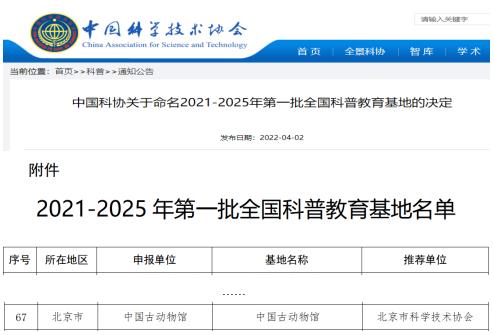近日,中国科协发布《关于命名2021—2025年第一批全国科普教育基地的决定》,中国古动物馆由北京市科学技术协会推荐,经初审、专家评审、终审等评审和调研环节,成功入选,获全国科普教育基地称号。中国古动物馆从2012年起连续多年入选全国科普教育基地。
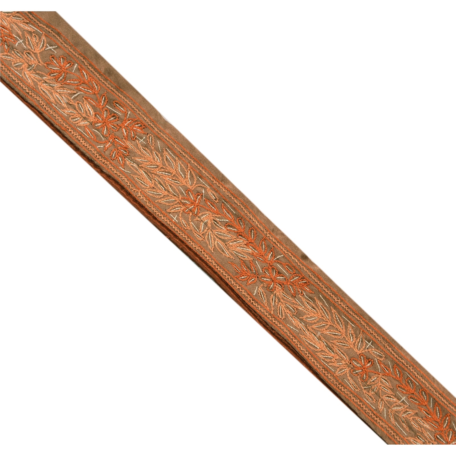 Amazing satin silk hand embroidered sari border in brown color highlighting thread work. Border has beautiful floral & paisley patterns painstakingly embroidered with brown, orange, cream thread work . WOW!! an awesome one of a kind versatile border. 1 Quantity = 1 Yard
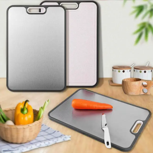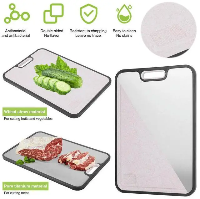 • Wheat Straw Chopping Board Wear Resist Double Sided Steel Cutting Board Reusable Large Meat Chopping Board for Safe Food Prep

____________

◆ **Task directions**:
All of the material should be reproduced exactly, apart from the pictures.

◆ **Response for this exercise**:
近日,中国科协发布《关于命名2021—2025年第一批全国科普教育基地的决定》,中国古动物馆由北京市科学技术协会推荐,经初审、专家评审、终审等评审和调研环节,成功入选,获全国科普教育基地称号。中国古动物馆从2012年起连续多年入选全国科普教育基地。
 Amazing satin silk hand embroidered sari border in brown color highlighting thread work. Border has beautiful floral & paisley patterns painstakingly embroidered with brown, orange, cream thread work . WOW!! an awesome one of a kind versatile border. 1 Quantity = 1 Yard
 • Wheat Straw Chopping Board Wear Resist Double Sided Steel Cutting Board Reusable Large Meat Chopping Board for Safe Food Prep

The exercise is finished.